En Semana Santa no conviene olvidar las delicias gastronómicas, ni los caldos que las acompañan. De lo contrario es difícil mantenerse en pie, pues se camina mucho, se trasnocha demasiado y apenas se le da respiro al cuerpo y a las piernas. Hoy les recomiendo las aceitadas diminutas de una panadería de La Rúa: son deliciosas y tan adictivas como las pipas. Y un vino: Elías Mora, de Toro, que te deja los labios como si hubieras besado a un ángel hembra. Dicho esto, vamos con los desfiles.

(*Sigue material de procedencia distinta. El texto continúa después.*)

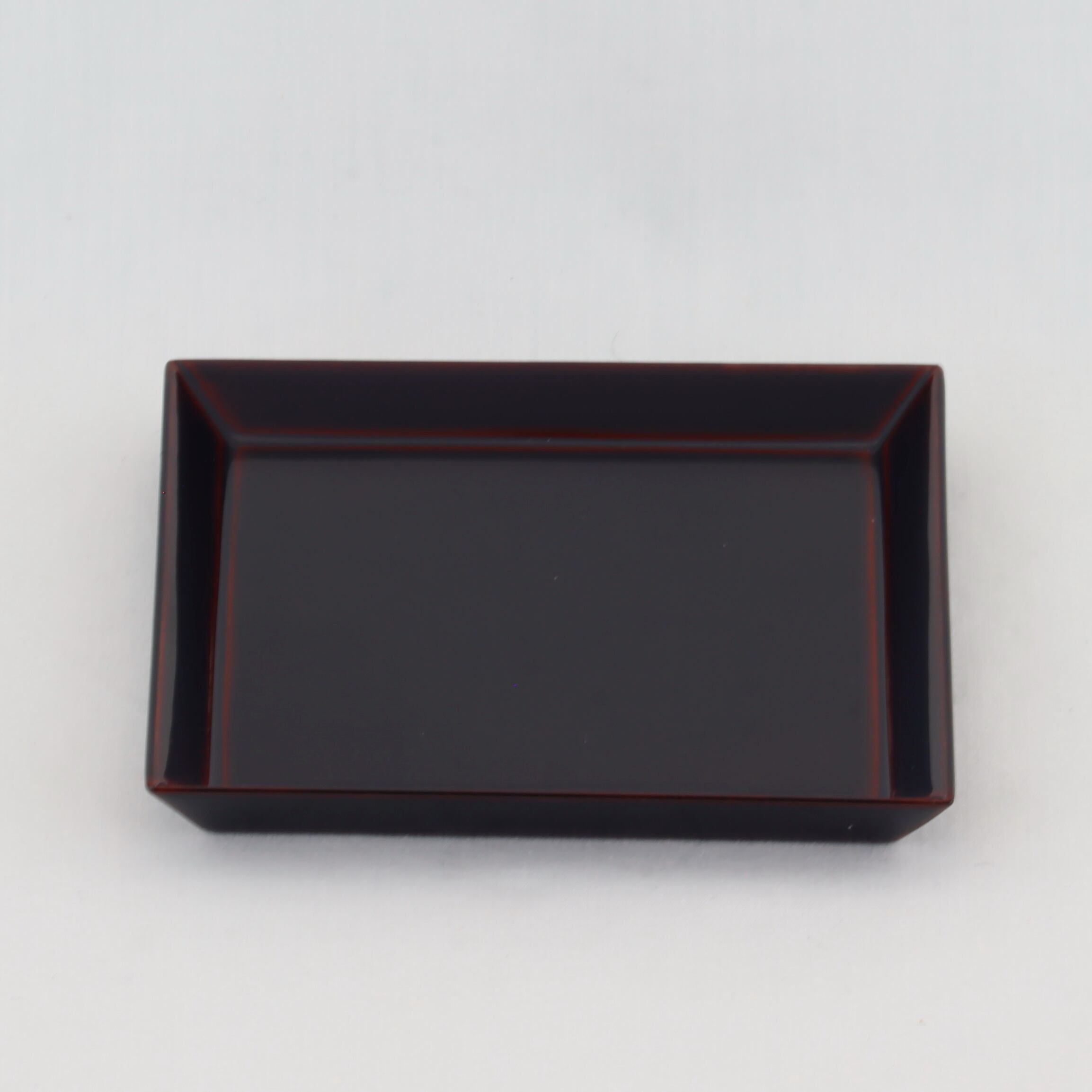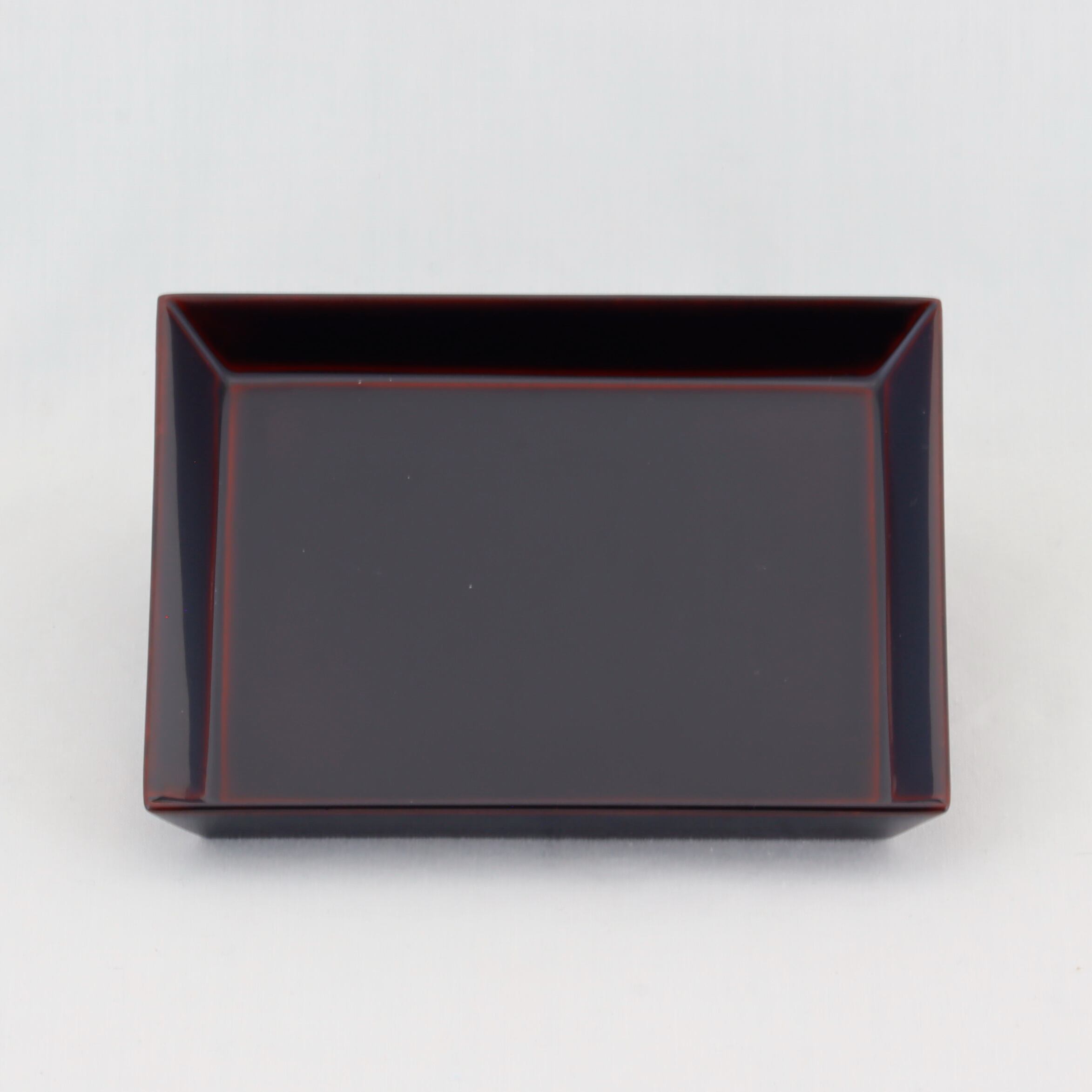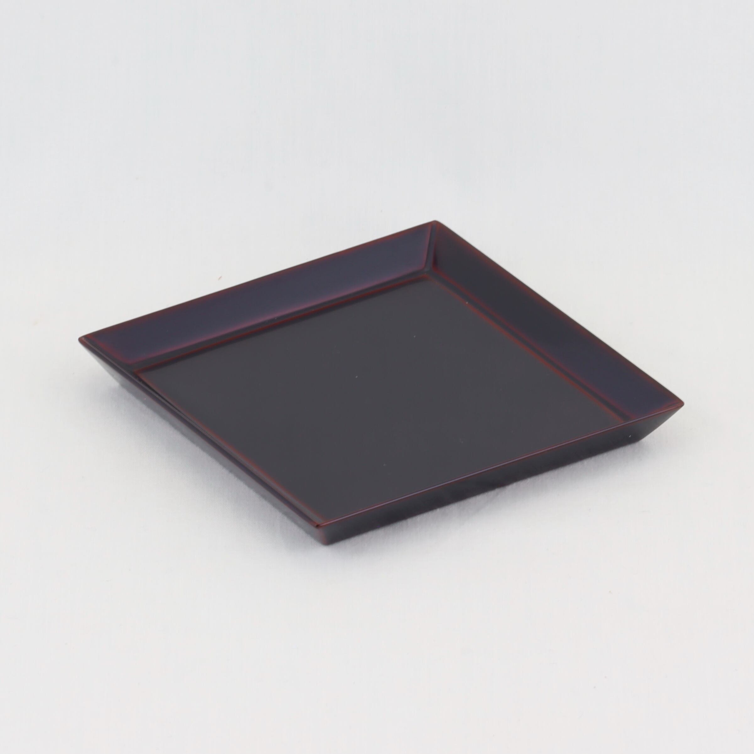 この銘々皿は、洗練された角隅立形にデザインされ、溜塗の深い色合いが特徴です。四角形六枚のセットとなっております。

Durante el Martes Santo vi dos procesiones, es decir, las que había, a saber: la del Vía Crucis y la de las Siete Palabras. Para la primera me ofrecieron gozar de una vista inmejorable y acepté la propuesta: situado en el balcón de un primer piso. Creo que nunca había contemplado un desfile de éstos por encima del nivel del suelo, si no me falla la memoria, que todo podría ser. Insistiremos en que las cosas se ven distintas según el ángulo en el que uno se sitúe y también según el paisaje que uno tenga alrededor. En plano picado los cofrades, las esculturas, las mesas, la banda de cornetas y tambores, el desfile en sí, se ven de otra manera. Incluso el bueno del barandales, visto desde arriba, no parece un dios con muñecas de acero sino un hombre paciente y con tiritas en los dedos que aguanta con estoicismo envidiable el tirón de las campanas y su soniquete anunciador. Desde lo alto, no diremos a vista de pájaro pero casi, al Nazareno y a la Virgen de la Esperanza se les nota que son chiquitos; pero su corta estatura no disminuye su majestad, desde luego que no. Por estar más próximo a las esculturas, uno se fija mejor en los detalles de las manos o en el acabado de los rostros, y por supuesto en la túnica y el manto que ambos llevan, respectivamente. Por encima de ellos, en los tejados, se recortaba el vuelo asustado de las palomas y la figura inmóvil de las cigüeñas. El cielo era claro, cristalino, y como tal dio paso a un crepúsculo sin nubes. Se debe anotar que un alto porcentaje de los espectadores merendó pipas.
Para mí hace años que se terminó eso de esperar dos o tres horas, en la calle, a que venga la procesión. Prefiero ir un poco a la aventura (debería entrecomillarlo), por ver si encuentro el desfile a mitad de recorrido, y colocarme en alguna esquina donde aguarde poca gente, justo un par de minutos antes de que lleguen a esa altura los primeros cofrades. Así lo hice en la del Cristo de la Buena Muerte y, es lo que iba a contarles, en la de las Siete Palabras, procesión que tenía por costumbre contemplar en los últimos tramos de su itinerario, en La Horta o en sus inmediaciones. Pero es que La Horta no está ahora para el trote, con tanta zanja y tanta valla. Así que subí a la Plaza de Claudio Moyano en el instante en que aparecían los hermanos de hábito. Por si aún queda alguien que no haya visto el acto de las Siete Palabras que allí se celebra, le doy un par de apuntes: los cofrades se van situando alrededor de la plaza, y al fondo esperan los portadores de los Cristos y de los estandartes con las últimas palabras y, mientras alguien comienza el rezo, los cargadores avanzan hacia aquellos, llevando a hombros a este Cristo de la Agonía. Conviene verlo: al Cristo lo trasladan en absoluto silencio y muy despacio, como si se deslizara por las piedras. Y el paisaje resulta inmejorable: el edificio de la Biblioteca Pública, el Parador, la Plaza de Claudio Moyano iluminada por el resplandor de la luna y de las velas, y Viriato a lo lejos, con su silueta pastoril y guerrera en sombras. Tenemos una ciudad de estética admirable pero lastrada por algunos desmanes, como los proyectos siempre aplazados y los horribles parques nuevos. Ciudad que, además, mejora abrigada de luna o de niebla.